Knucklebones; Comedy by Douglas Anderson. Directed by Jay Perry.

If they don't write them like ''Present Laughter'' anymore, at least they keep trying. For instance, Douglas Anderson has written this slight, cheerful, formula romantic comedy set in a Midwestern college town. The plot concerns Eddie Evans (Christopher Loomis), a flaky mathematics professor obsessed by formulas, and Anne Yoder (Kathleen Swan), the departmental secretary who unwarily undertakes to type Eddie's voluminous textbook manuscript.

Mr. Anderson calls his comedy ''Knucklebones,'' after an old game of chance played with the knucklebones of a sheep. One of Eddie's intensely propounded theories has to do with the single law of chance, which holds that wildly improbable events will never occur. Eddie is a sort of brilliant knucklehead.
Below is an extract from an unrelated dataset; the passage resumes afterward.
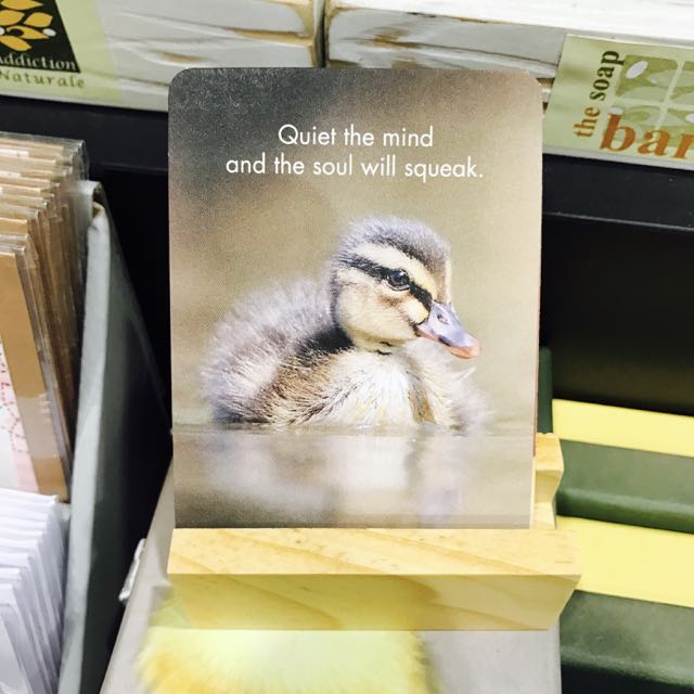 Take the image of the duck with this post. The message, Quiet the mind and the soul will squeak, is simple, inspiring, optimistic.

The wacky events on the stage of the Nat Horne Musical Theater are more eccentric than either wild or improbable. They require the committed comic expertise of the acting quintet (including a white rabbit) directed by Jay Perry. Besides Miss Swan and the energetic Mr. Loomis, the human players are Jean Barker as the professor's bingo-playing mother, who raises rabbits for magicians, and Arch Johnson as one of her customers, with some family revelations up his sleeve.

Mr. Anderson enjoys mingling humorously extravagant rhetoric, sight gags, and puns (Mrs. Evans's career has been ''hare raising''). At its best, the enjoyment is infectious. At its least, the antic view enlivens those Midwestern groves of academe. Daniel Proett's messy kitchen setting, David Loveless's costumes, and Zack Zanolli's lighting all add to the comic equation.